Auslöser ist die faktische Blockade der Straße von Hormus im Zuge des seit Ende Februar schwelenden Konflikts zwischen den USA und dem Iran, wie WirtschaftsWoche berichtet. Spritpreise über zwei Euro pro Liter sind an deutschen Tankstellen inzwischen wieder die Regel. Im Mai und Juni hatte die Bundesregierung mit einer Senkung der Energiesteuer um knapp 17 Cent pro Liter den Preisauftrieb noch gedämpft. Dieser fiskalische Puffer ist nun weggefallen und der Markt zeigt ungeschminkt, wie stark die deutsche Teuerung tatsächlich an globalen Energiepreisen hängt.

Niedrigwasser am Rhein trifft eine ohnehin importabhängige Wirtschaft

Zur geopolitischen Komponente kommt eine klimatische: Niedrige Pegelstände auf Flüssen wie dem Rhein erhöhen laut ADAC die Logistikkosten für Kraftstoffe und Vorprodukte spürbar. Das trifft eine Volkswirtschaft, die stark von Rohstoffimporten abhängt, an einer zweiten Flanke.

Noch hält sich der Preisauftrieb bei Lebensmitteln in Grenzen: Sie verteuerten sich im Juli um moderate 0,4 Prozent, während Fleisch um 1,9 Prozent und Zucker sowie Süßwaren um 4,0 Prozent zulegten, Butter dagegen 30,1 Prozent günstiger wurde als im Vorjahr. Ökonomen erwarten jedoch, dass höhere Transport- und Kühlkosten sich mittelfristig auf die Supermarktregale durchschlagen, zumal Hitze und Trockenheit die Ernten belasten könnten. Zwei Krisenherde, ein geopolitischer und ein klimatischer, wirken damit gleichzeitig auf dieselbe Preiskomponente.

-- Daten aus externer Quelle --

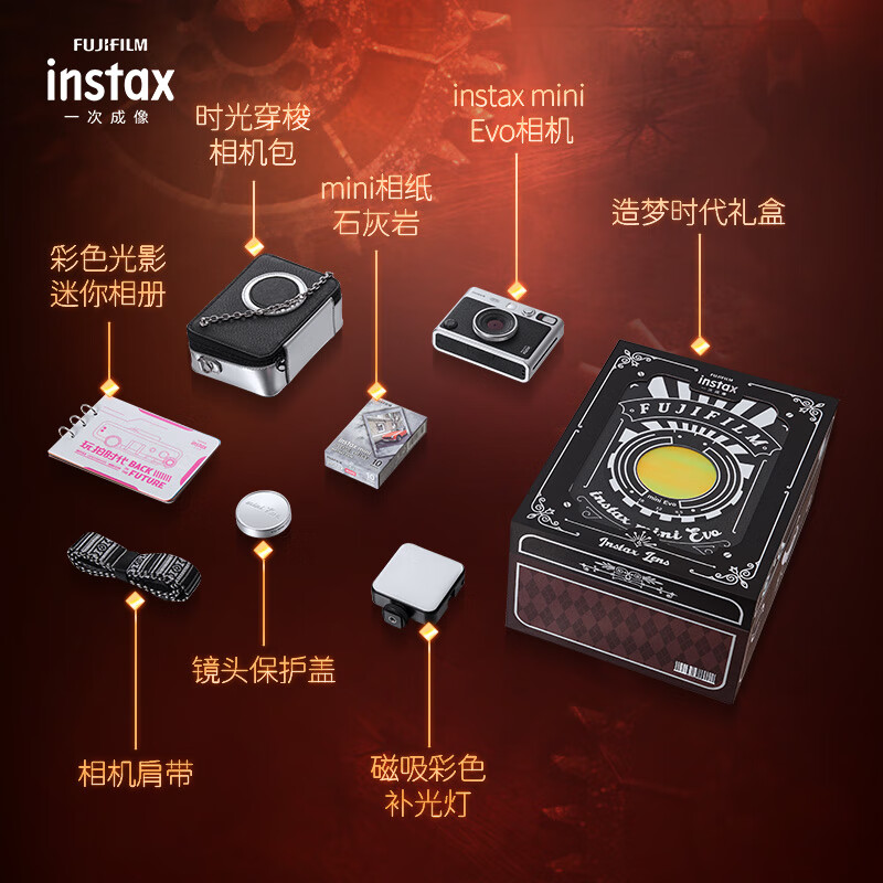 富士instax立拍立得 一次成像相机 mini Evo 【造梦时代】礼盒套装 双包相纸*2套装价格:1943.00元!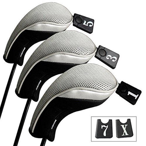 Andux 골프 우드 드라이버 헤드 커버 교환 가능한 번호 택 첨부 와 3 개세트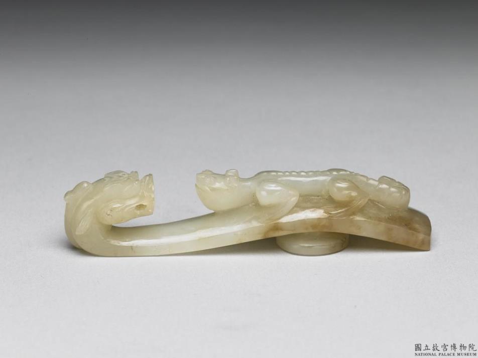 玉质,有黄赭斑。钩作龙首形,面琢浮雕蟠螭,底有圆柱。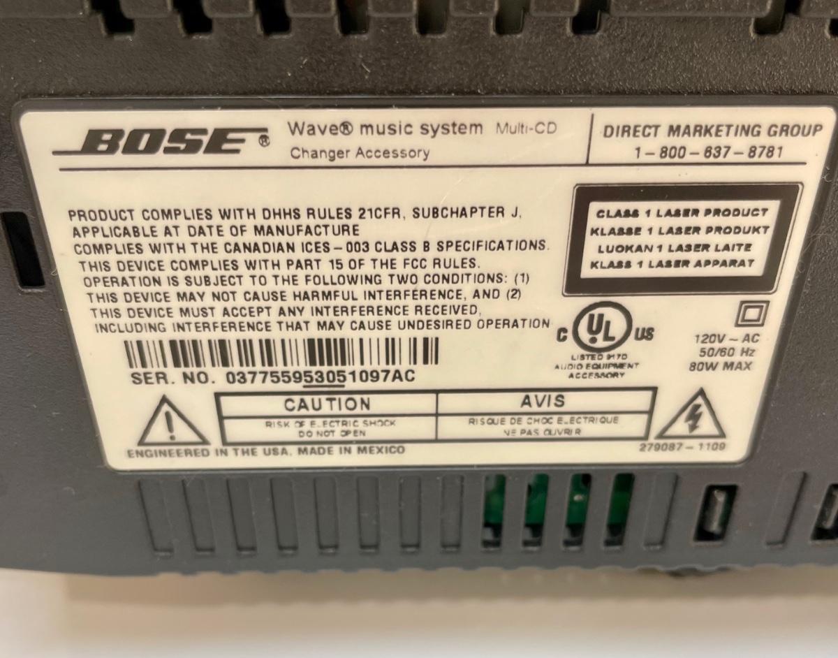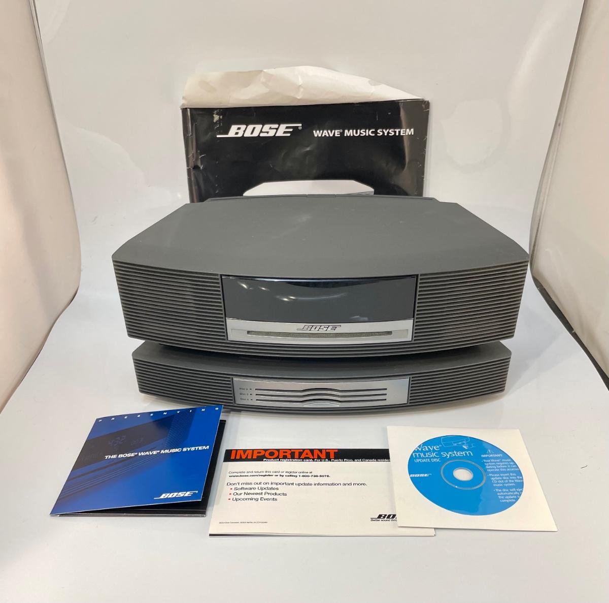 Bose Wave Music System AWRCC1 and Multi-CD ChangerAccessory. 2 unit matched pair. Tested, works and sounds like new. Includes instructions and system update CD.

Kaufkraftverlust trifft den Konsum, EZB-Kurs gerät unter Druck

Dienstleistungen, von Restaurantbesuchen bis Reisen, verteuerten sich um 2,9 Prozent, etwas weniger als in den Vormonaten. Für Verbraucher bedeutet die Rückkehr über die Marke von 2,8 Prozent realen Kaufkraftverlust: Für einen Euro gibt es spürbar weniger. Das bremst den privaten Konsum, eine tragende Säule der deutschen Binnenkonjunktur.

Für die Europäische Zentralbank verschärft sich damit ein Zielkonflikt: Eine Teuerung deutlich über der Zwei-Prozent-Marke lässt wenig Spielraum für Zinssenkungen, während die Konjunktur ohnehin schwächelt. Sollte sich die Straße von Hormus nicht öffnen, bleibt der importierte Preisdruck bestehen, unabhängig davon, wie die EZB ihre Leitzinsen setzt. Das zeigt die Grenzen nationaler und selbst europäischer Geldpolitik gegenüber global verursachten Schocks.

Business Punk Check

Die Bundesregierung hat mit der befristeten Steuersenkung lediglich einen Symptomdämpfer gesetzt, keine strukturelle Lösung. Offen bleibt, wie die EZB reagiert, wenn geopolitische Schocks importierte Inflation erzeugen, die mit klassischer Geldpolitik kaum zu bekämpfen ist. Für Verbraucher bleibt die Frage, wie lange Löhne mit den Energiepreisen mithalten.

Auf einen Blick

  • Die Inflationsrate in Deutschland stieg im Juli auf 2,8 Prozent, nachdem der befristete Tankrabatt ausgelaufen war.
  • Energiepreise verteuerten sich binnen Jahresfrist um 8,3 Prozent und bleiben laut Statistischem Bundesamt der zentrale Preistreiber.
  • Die anhaltende Blockade der Straße von Hormus im Iran-Konflikt und niedrige Flusspegel wie am Rhein könnten die Teuerung weiter anheizen.
  • Lebensmittelpreise stiegen bislang moderat um 0,4 Prozent, während Dienstleistungen um 2,9 Prozent teurer wurden.